Why is temperature and pressure constant during a phase transition? During a phase transition, I have read that phase transitions occur at constant pressure and temperature. The explanations I have found both in books and online for this is that all the energy supplied to the system is used to overcome intermolecular bonds, and so no at constant pressure conditions, no temperature change occurs.
My main question regarding this is that why does all the breaking of intermolecular bonds occur at a single temperature? Is there a theoretical reason for this, or is this just an experimental fact?
For example, consider a system which starts its phase transition at a temperature $T_0$, finishes at $T_1$, and is $\frac{T-T_0}{T_1-T_0}\%$ complete at a temperature $T_0<T<T_1$. Why is this not possible? 
 A: It doesn't have to, it only happens when the process is performed in a slow, reversible manner. That is because usually there's only one specific temperature at which different phases may coexist.
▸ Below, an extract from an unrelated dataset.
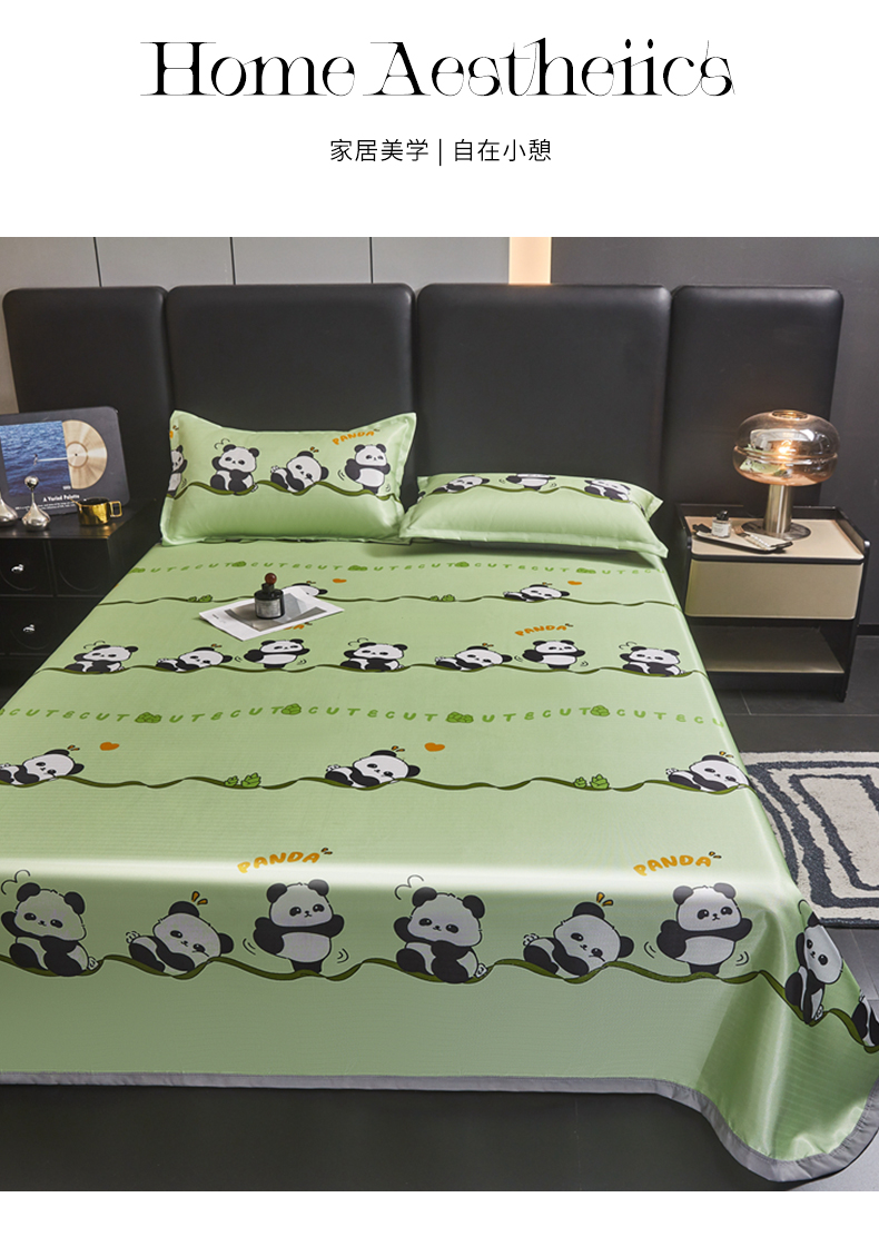 悦织湾家纺2025新款斜纹提花冰丝席三件套夏季凉感冰丝席子枕套1对夏凉席床单 熊猫-绿

Let's for example have a mixture of ice and liquid water. Liquid water is unstable in temperature lower than $0^\circ C$ and while it may be overcooled, at the slightest stimuli it freezes, turning into ice. Freezing process releases energy. This released energy heats the created ice and remaining water, raising their themperature to $0^\circ C$. Similarily, ice is unstable at temperature greater than $^\circ C$, and if we try to heat it above $0^\circ C$, it will melt, changing its structure to liquid water. Melting process absorbs the heat energy, lowering the temperature of both the created water and the remainign ice to $0^\circ C$. 
If we dperform the heating/cooling slowly, then this happens continuously, and the temperature remains constant $0^\circ C$ until all of the water melts/freezes. However, as I've shown in examples above, if the prces is rapid and sudden, the temperature may change - when overcooled water freezes, its temperature grows.